The large language model (Large Language Model, LLM) refers to a deep learning model trained using large amounts of text data that can generate natural language text or understand the meaning of language text. LLM can handle a variety of natural language tasks, such as text classification, questions and answers, dialogue, etc., and is an important approach to artificial intelligence.
The existing LLM cannot be combined with a knowledge graph, and further cannot be better applied to government service scenes, so that a government service question-answering method based on a knowledge graph reinforced large language model is needed.
Disclosure of Invention
The embodiment of the invention aims to provide a government service question-answering method based on a knowledge graph enhanced large language model, which is used for solving the problem that LLM (logical level management) cannot be combined with the knowledge graph and cannot be better applied to government service scenes in the prior art.
In order to achieve the above object, an embodiment of the present invention provides a government service question-answering method based on a knowledge graph enhanced large language model, the method specifically comprising:
acquiring historical problems, and constructing a government service knowledge graph based on the historical problems;
extracting answers to the historical questions, and constructing a common question answering library based on the historical questions and answers corresponding to the historical questions;
obtaining an original government service document, logically dividing the original government service document by different dividing methods to obtain fragments, inputting the fragments into a large language model for vectorization to obtain fragment vectors;
acquiring a user problem, and judging whether the user problem is matched with a historical problem in a common problem solution library;
if so, outputting a question answer based on the answer of the history question;
if the user questions are not matched, carrying out knowledge linking on the user questions and a government service knowledge graph to obtain a plurality of knowledge, and inputting the plurality of knowledge into the large language model one by one to carry out vectorization to obtain a knowledge vector; meanwhile, inputting the user problem into a large language model for vectorization to obtain a complete problem vector;
performing joint search based on the knowledge vector and the complete problem vector to obtain a candidate document fragment list;
and inputting the candidate document fragment list into the large language model to generate a question answer.
Based on the technical scheme, the invention can also be improved as follows:
further, the obtaining the historical problem, constructing a government service knowledge graph based on the historical problem, includes:
constructing a business knowledge system, including classifying business domains of government services, refining user objects of government services, refining business scenes of government services and refining business processes of government services.
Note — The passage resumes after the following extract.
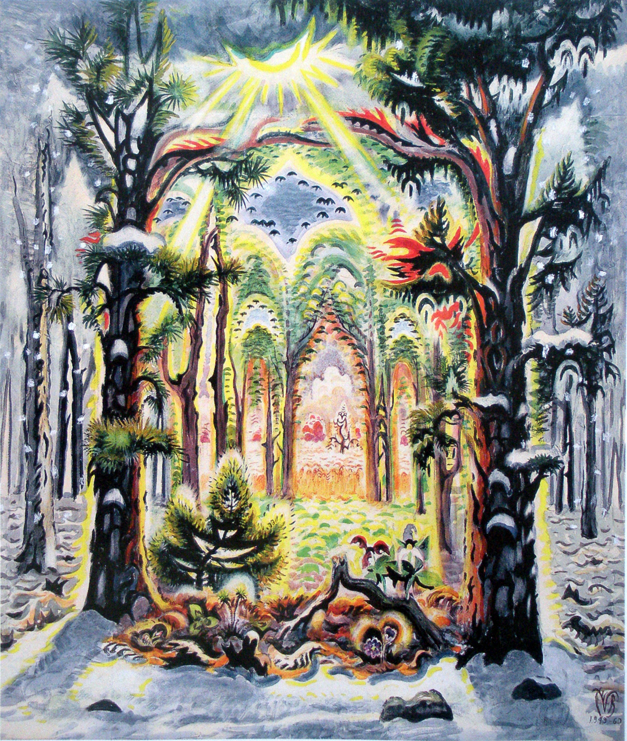Description: A painting of a forest with a sun shining through the trees and a person in the distance in the middle of the painting.

Further, the obtaining the historical problem, constructing a government service knowledge graph based on the historical problem, includes:
extracting a service label corresponding to the history problem;
and splitting the complex service into a plurality of sub-services, and performing cross-service association on the sub-services.
Further, the extracting the answers of the historical questions, and constructing a common question answer library based on the historical questions and the answers corresponding to the historical questions, includes:
extracting key questions from the historical questions, and constructing a key question solution library based on the key questions;
and extracting answers corresponding to the key questions, and constructing a key question answer library.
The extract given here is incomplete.